Dzisiejsze odczyty indeksów PMI dla usług i przemysłu Państwa Środka nie przyniosły wzrostu optymizmu. W dalszej części tygodnia może również znaleźć się sporo impulsów do zmian nastrojów na rynkach i tradycyjnie na początku nowego miesiąca uwagę inwestorów przykują piątkowe dane z rynku pracy w USA. Ale nawet w razie utrzymania nieco lepszego sentymentu na rynkach globalnych wyzwaniem dla EURPLN może być pokonanie bariery 4,40, tym bardziej, że ryzyko polityczne i spekulacje o kolejnej obniżce ratingu Polski pozostają w tle. Testem zaufania inwestorów zagranicznych do naszej gospodarki będzie czwartkowa aukcja polskiego długu.

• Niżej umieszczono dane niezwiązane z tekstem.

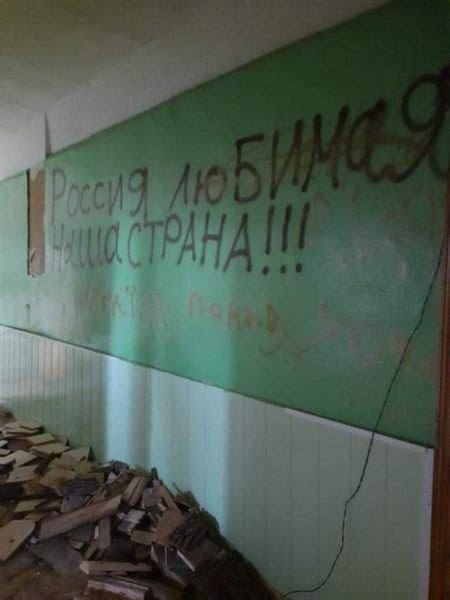 Inscription by Russian military "Russia is our favourite country!!!" on the school wall.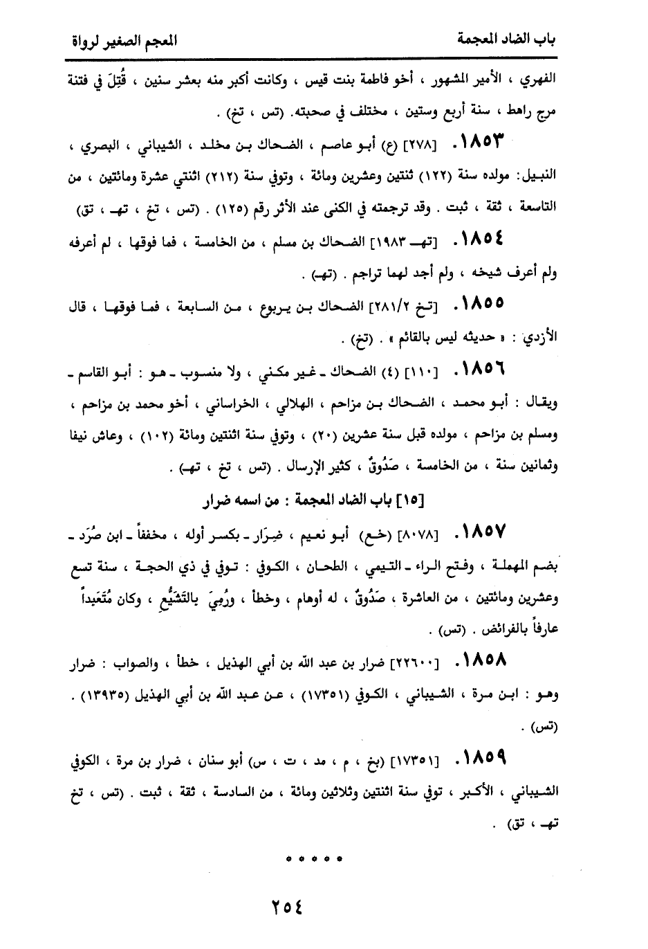 1854 - [تهـ 1983] الضحاك بن مسلم، من الخامسة فما فوقها، لم أعرفه، ولم أعرف شيخه، ولم أجد لهما تراجم. (تهـ).

Patrząc głębiej na opublikowany dziś indeks PMI dla Polski, który osunął się w styczniu do poziomu 50,9 pkt z 52,1 pkt miesiąc wcześniej widać kilka sygnałów sugerujących ostrożność w prognozach przyspieszenia wzrostu gospodarczego. Spadek wynikał w głównej mierze z redukcji ocen co do bieżącego poziomu produkcji (najniższe od września 2015r.), oraz z wolniejszego napływu nowych zamówień (najsłabszy wynik od sierpnia 2015r.). Tu ponownie źródłem słabości był przede wszystkim osłabiający się popyt krajowy, przy większej skali napływu zamówień eksportowych. O schładzaniu koniunktury świadczą także wzrastające wolne moce produkcyjne, skracający się średni czas dostawy produktów czy ograniczana aktywność zakupowa. Dane sugerują więc, że przy wyłączeniu dodatkowych bodźców, takich jak planowany program 500+, dynamika PKB w tym roku bliższa by pewnie była okolicom 3,0-3,3% r/r, a nie zakładanym przez nas 3,8% r/r, czy wskazaniom konsensusu na poziomie 3,5% r/r (ankieta Bloomberga). Niższe oceny odnośnie bieżącego poziomu produkcji utwierdzają nas w oczekiwaniu na znacząco słabszy niż w grudniu wynik produkcji przemysłowej za styczeń (oczekujemy „zaledwie" 0,9% r/r), chociaż w dużym stopniu jej wyhamowanie stanowić będzie także pokłosie niekorzystnych efektów kalendarzowych.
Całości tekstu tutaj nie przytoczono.